Using tuneGrid and Controls in ctree (Caret)

2.7k views Asked by At

I am running into an issue when using the tuneGrid and controls options in caret. In this example, I would like to set mincriterion and max depth but would also like to specify the min bucket size. This error seems to occur when any options are passed to ctree_control().

I get the error:

In eval(expr, envir, enclos) : model fit failed for Fold1: mincriterion=0.95, maxdepth=7 Error in (function (cl, name, valueClass) : assignment of an object of class “numeric” is not valid for @‘maxdepth’ in an object of class “TreeGrowControl”; is(value, "integer") is not TRUE"

This can be reproduced by running:

library(caret)
data("GermanCredit")

trainCtrl <- trainControl(method = 'cv', number = 2, sampling = 'down', 
verboseIter = FALSE, allowParallel = FALSE, classProbs = TRUE, 
                      summaryFunction = twoClassSummary)

tune <- expand.grid(.mincriterion = .95, .maxdepth = seq(5, 10, 2))

ctree_fit <- train(Class ~ ., data = GermanCredit, 
method = 'ctree2', trControl = trainCtrl, metric = "Sens", 
tuneGrid = tune, controls = ctree_control(minbucket = 10))

I am trying this approach based on the answer posted here: Run cforest with controls = cforest_unbiased() using caret package

By the looks of the error, it has something to do with how caret is passing the max depth to ctree but I'm not sure if there is anyway around this. Running ctree directly with the ctree_control works fine.

Any help is greatly appreciated

1

There are 1 answers

1
thie1e On BEST ANSWER

This looks like a possible bug to me.

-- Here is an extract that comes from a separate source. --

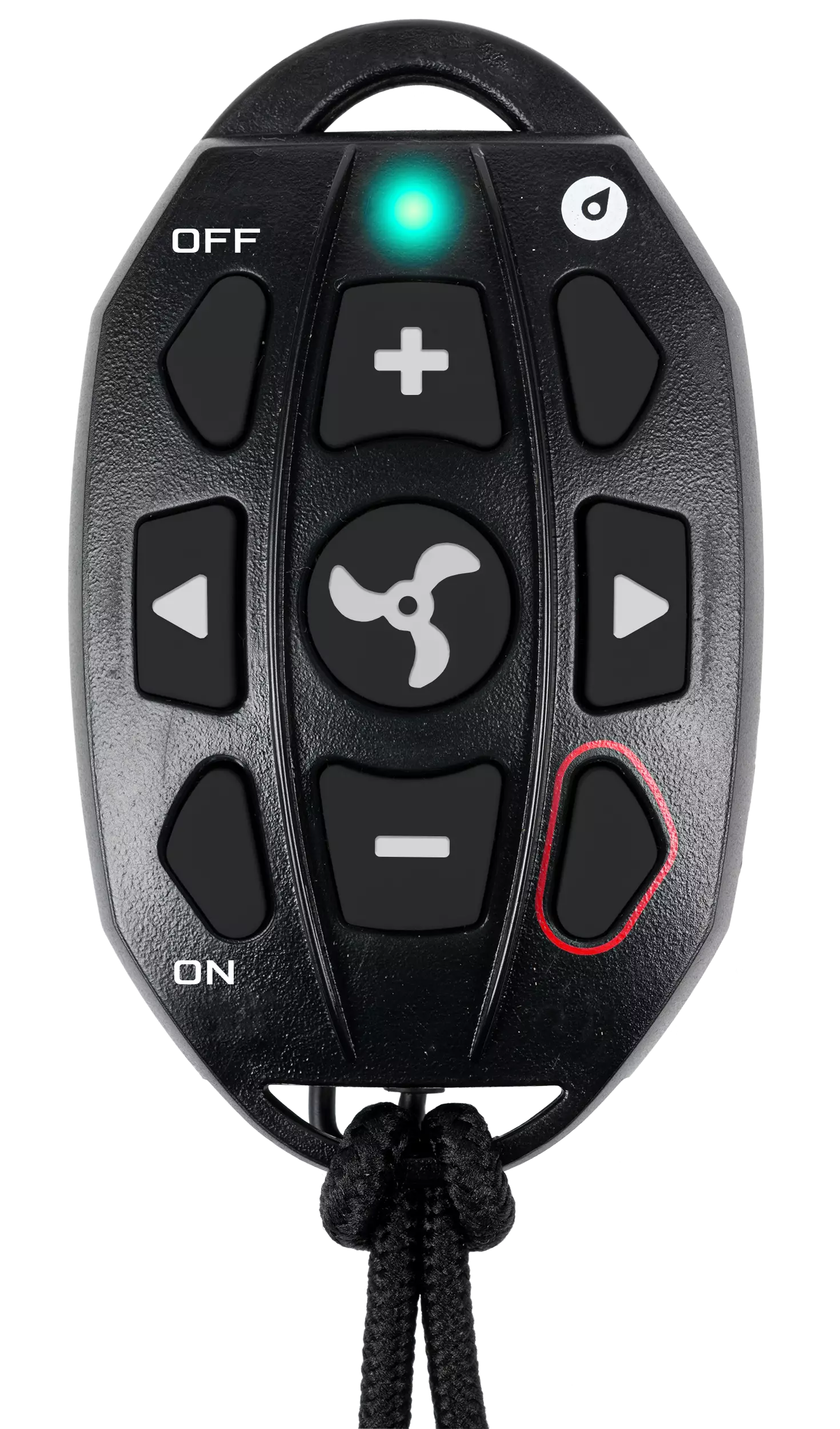 Fjernbetjeningen er regntæt, hvilket sikrer dens funktionalitet selv under udfordrende vejrforhold. Der medfølger en halsrem og et bælteklips, som gør det nemt at transportere og bruge fjernbetjeningen. Øverst på fjernbetjeningen er der en LED-indikator, der viser motorens funktioner.

You can make it work if you use as.integer():

tune <- expand.grid(.mincriterion = .95, 
                    .maxdepth = as.integer(seq(5, 10, 2)))

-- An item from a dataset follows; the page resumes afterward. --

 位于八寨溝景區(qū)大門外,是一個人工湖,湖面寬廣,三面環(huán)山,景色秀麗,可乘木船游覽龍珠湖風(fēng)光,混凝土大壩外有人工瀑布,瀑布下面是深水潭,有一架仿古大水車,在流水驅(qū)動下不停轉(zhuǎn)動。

Reason: If you use the controls argument what caret does is

theDots$controls@tgctrl@maxdepth <- param$maxdepth
theDots$controls@gtctrl@mincriterion <- param$mincriterion
ctl <- theDots$controls

If we take a look at the treeControl class it looks like this

Formal class 'TreeControl' [package "party"] with 4 slots
  ..@ varctrl  :Formal class 'VariableControl' [package 
  ..@ tgctrl   :Formal class 'TreeGrowControl' [package "party"] with 4 slots

[left stuff out]

  .. .. ..@ stump         : logi FALSE
  .. .. ..@ maxdepth      : int 0
  .. .. ..@ savesplitstats: logi TRUE
  .. .. ..@ remove_weights: logi FALSE 

So it expects maxdepth to be integer and caret tries to assign a numeric (which may be an integer but not of class integer), but only if controls is specified.

If you don't specify controls it does

ctl <- do.call(getFromNamespace("ctree_control", "party"), 
                                      list(maxdepth = param$maxdepth,
                                           mincriterion = param$mincriterion))

...then goes from there in a way which I don't fully understand just by looking at the source right now. Have a look at https://github.com/topepo/caret/blob/master/models/files/ctree2.R if you're interested.